Records of assessments completed

Reflective learning templates

Boundaries of competent practice

Taught components

All eligible students were given information about the IV course by the learning and development service, and 16 applied. The two-day theory and practice training included: accountability and safe practice, risks of IV therapy, practical aspects of IV drug administration, pharmaceutical aspects of IV therapy, anaphylaxis, infection control, adverse events, central line care, and practical aspects of IV therapies. After completing the course, students participated in direct supervised practice in their clinical area until they felt confident enough to undertake a summative assessment to demonstrate competency.

Close collaboration between the clinical skills team, assessors/mentors and practice educators was essential to ensure continuity and understanding. When the university finalises changes to its curriculum to keep pace with changing clinical skills, IV administration will be part of everyday pre-registration nursing education.

Recommendations for future practice

The experience of running the course has demonstrated that nursing students should be taught IV drug administration during their training in order to fulfil the role of the band 5 nurse on qualification. In order to introduce this successfully, standardised documentation is required which students and mentors complete to show a clear record of learning, and mentors need extra support around facilitating IV skills practice. There must be a specified amount of supervised practice, which must include direct observation, quality monitoring and enhancement strategies including regular evaluation and review. Appropriate assessors must be identified and maths and theory papers (adult and paediatric) with competency guidelines developed to support this.

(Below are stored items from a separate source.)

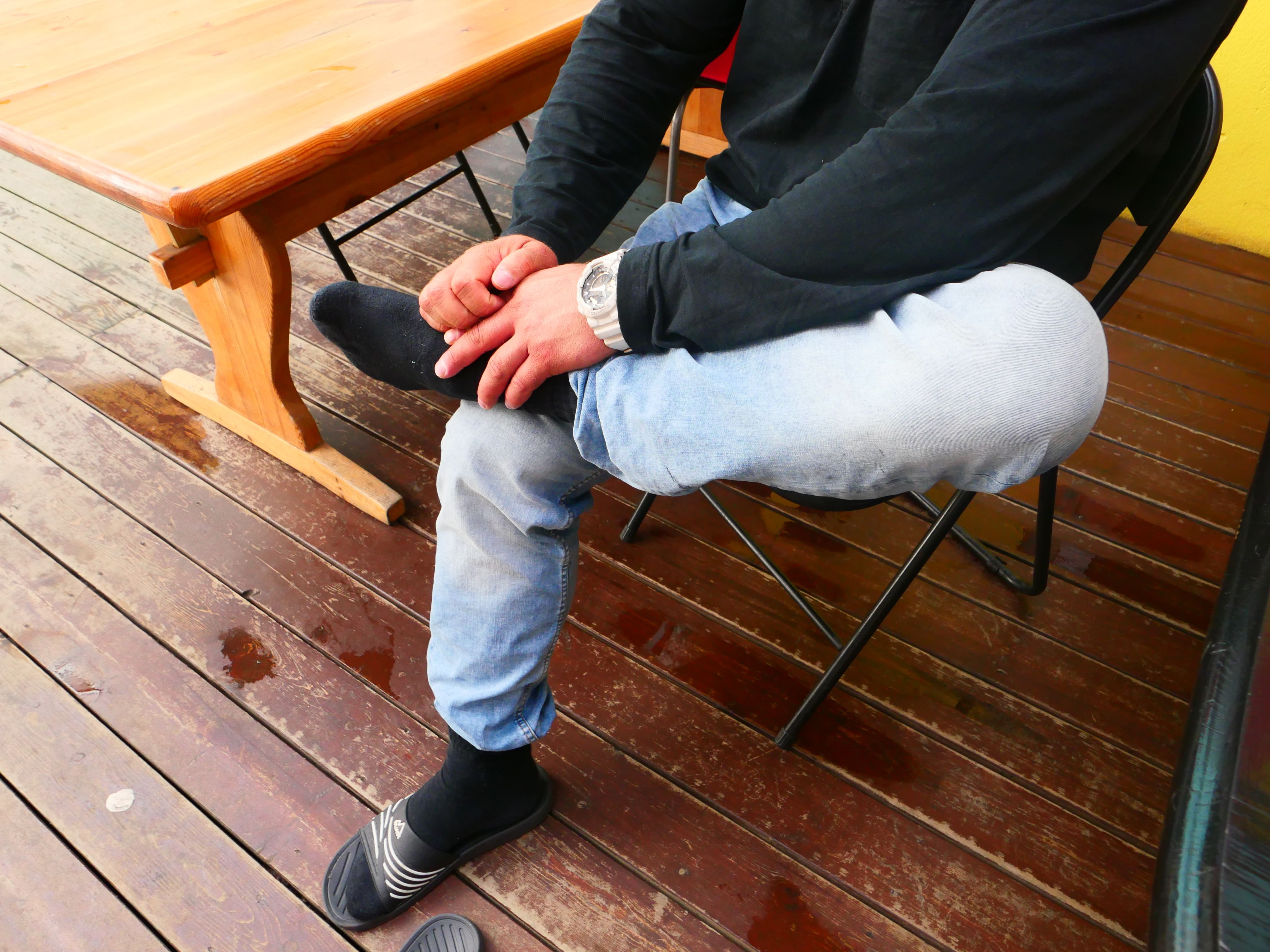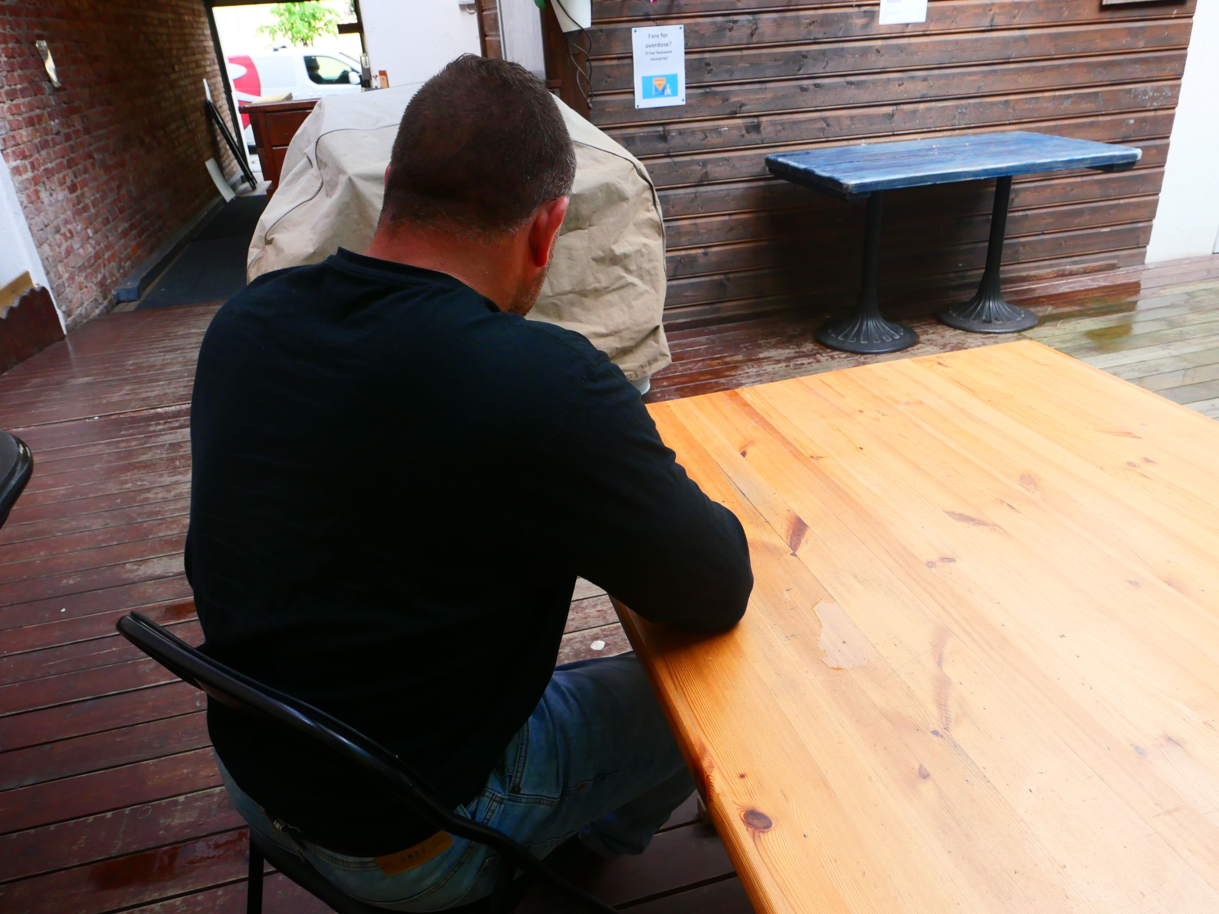 Mens han tar et dypt åndedrag og setter seg frem på stolsetet, forteller han at han fant kompisen med brukket nakke.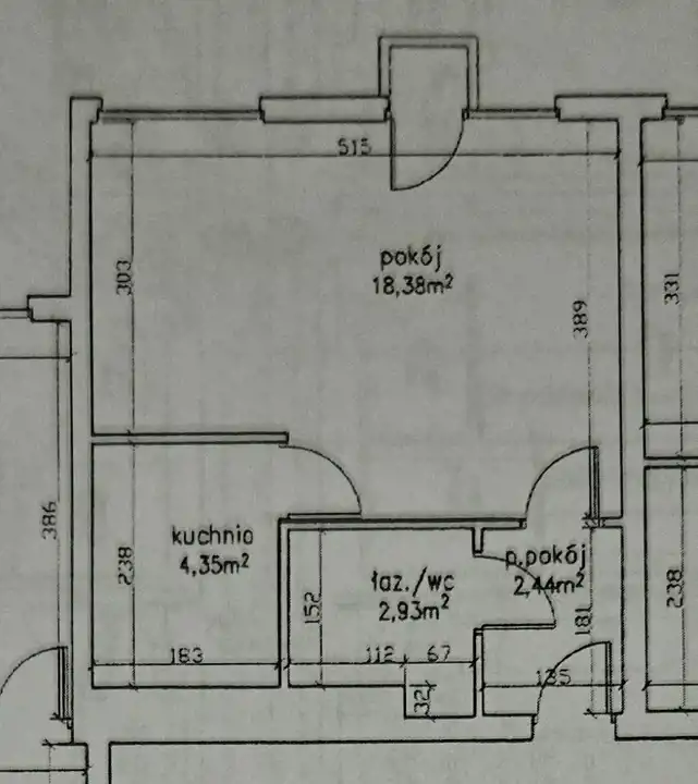 Składa się z przedpokoju, łazienki i pokoju połączonego z aneksem kuchennym. Z pokoju jest wyjście na balkon.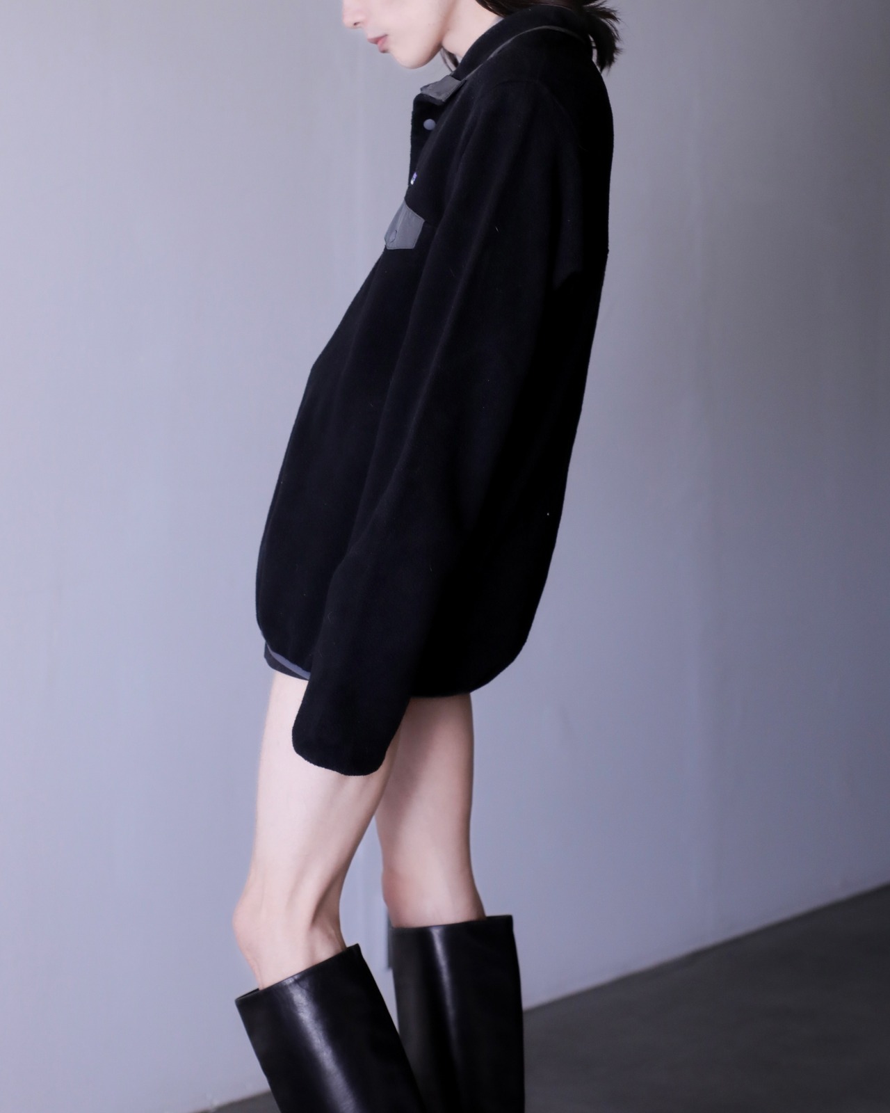 こうしてシンプルに着ると、どこかモードな雰囲気も感じられます。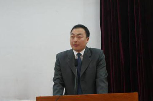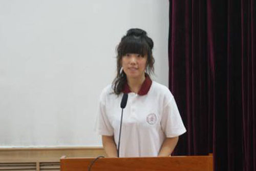 教师代表张书涛老师也做了十分精彩的双语发言,他说,北京的九月因为同学们的到来,变得更加的美丽,他勉励同学们要树立成为中国龙的远大理想,严格要求自 己,遵守学校的各项规章制度,珍惜在北师大学习的时光,以北师大为荣,向北师大的名师们看齐,发奋有为,努力成才!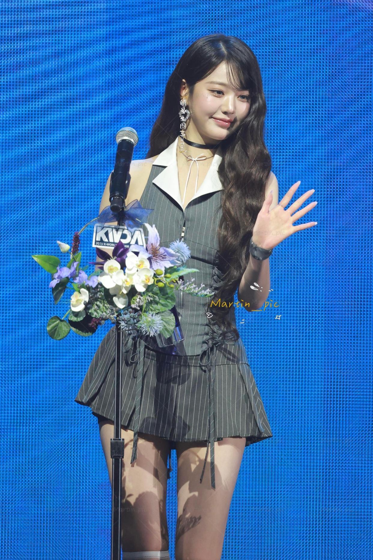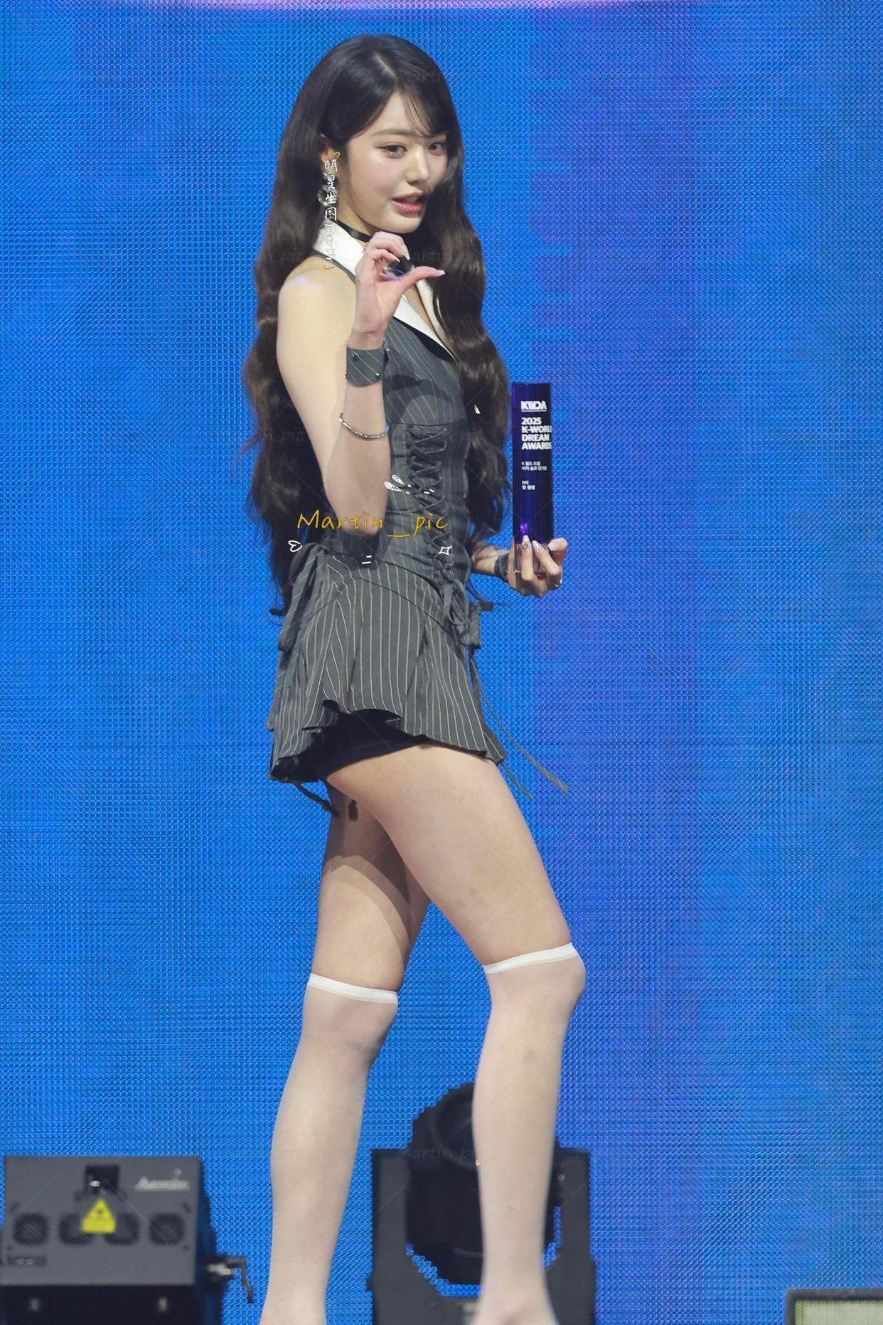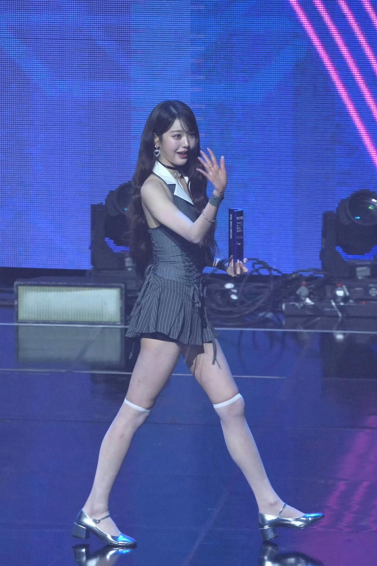 年仅 20 岁的张元英在时尚领域的表现一直可圈可点。这次在 K-WORLD DREAM AWARDS 上的造型,她选择了一条灰黑细条纹短连衣裤,无袖的设计露出她纤细的手臂线条,短款版型则将她的 “超模腿” 完全展现,搭配一双白丝袜,瞬间成为全场焦点,这种风格的混搭让她的穿搭充满了辨识度。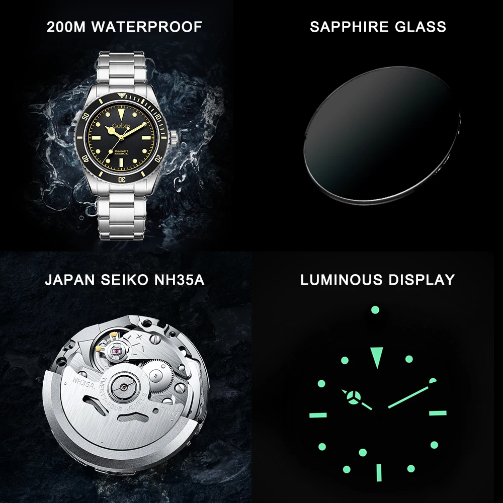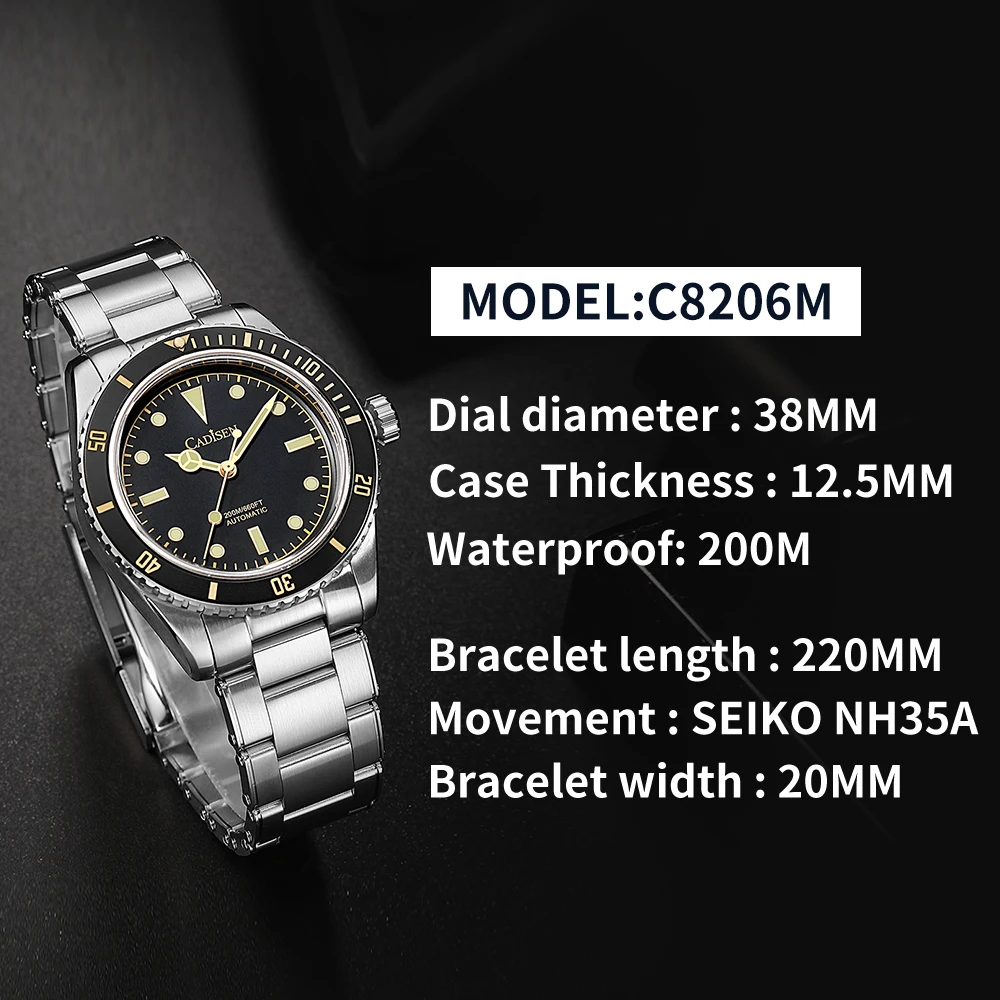 CADISEN luksusowy męski zegarek 38mm Diver Vintage automatyczny biznes zegarki NH35 mechaniczny szafir 20 Bar mężczyzna zegar Retro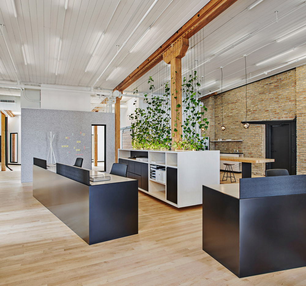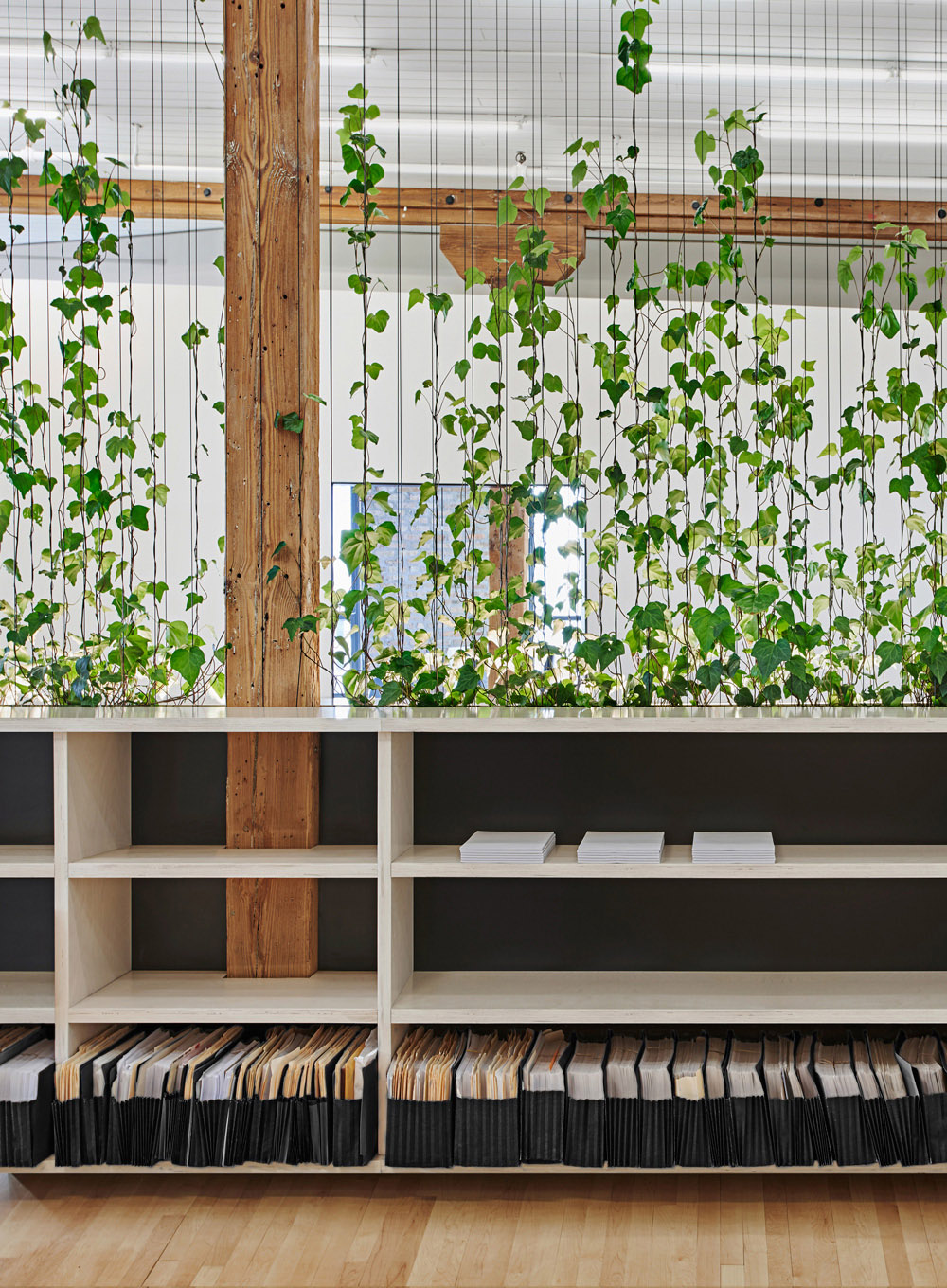 Le aperture, che fungono anche da condotti visivi e facilitano l'ingresso della luce solare in tutti gli spazi, sono sottolineate tramite l'uso di acciaio annerito. L'uso dell'edera sottolinea il cuore dell'ufficio e separa lo spazio di lavoro da quello dell'angolo cottura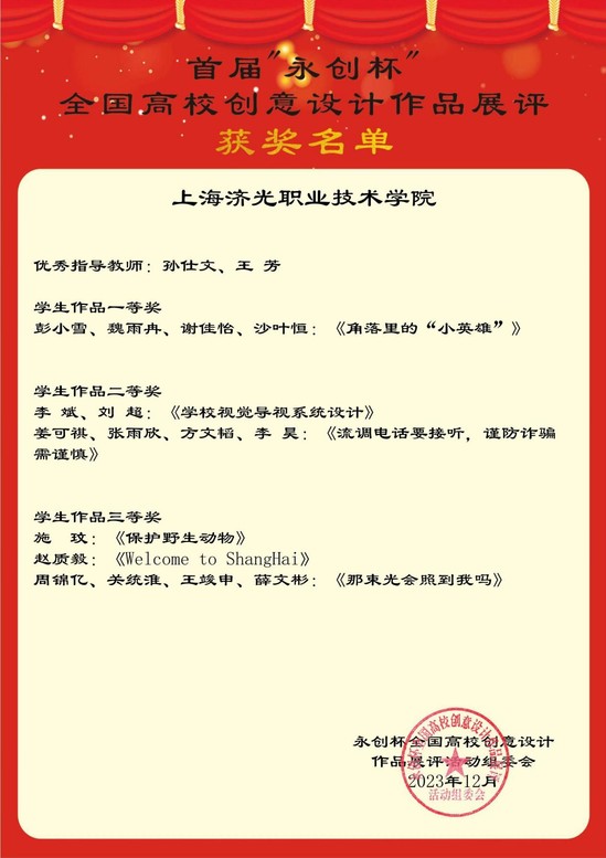 通过参与多个设计竞赛,学生不仅取得了荣誉,也得到更多展示自我、交流学习的机会和平台。未来,学院继续秉承实践育人的原则,为学生提供更多实践锻炼的宝贵机会,努力培养更多具有创新精神和优秀实践能力的技术技能型人才。

Nursing students can now undertake IV drug administration following local guidelines. Many myths had to be dispelled within the hospital before the students could be trained in the procedure, because the misunderstandings could have impeded practice. Some staff believed it was ‘illegal’ or against NMC guidelines to allow students to administer IV drugs. After consultation with the NMC this assumption was shown to be unfounded. The students had to undertake direct supervised practice and during this period the observing registered nurse has accountability.

IV drug administration historically was seen as an extended role. As medicine has evolved over the years more demands have been put on medical and nursing staff. IV therapy is prescribed to many patients and nurses must be able to able to administer it safely and competently if patients are to receive the best care.

Following the success of this initiative, local PCTs are considering adopting this process for third-year nursing students on placement. The IV drug administration training is also being prepared for use with student radiographers. Emphasis on skills acquisition and ongoing maintenance of competencies is integral to providing safe effective healthcare.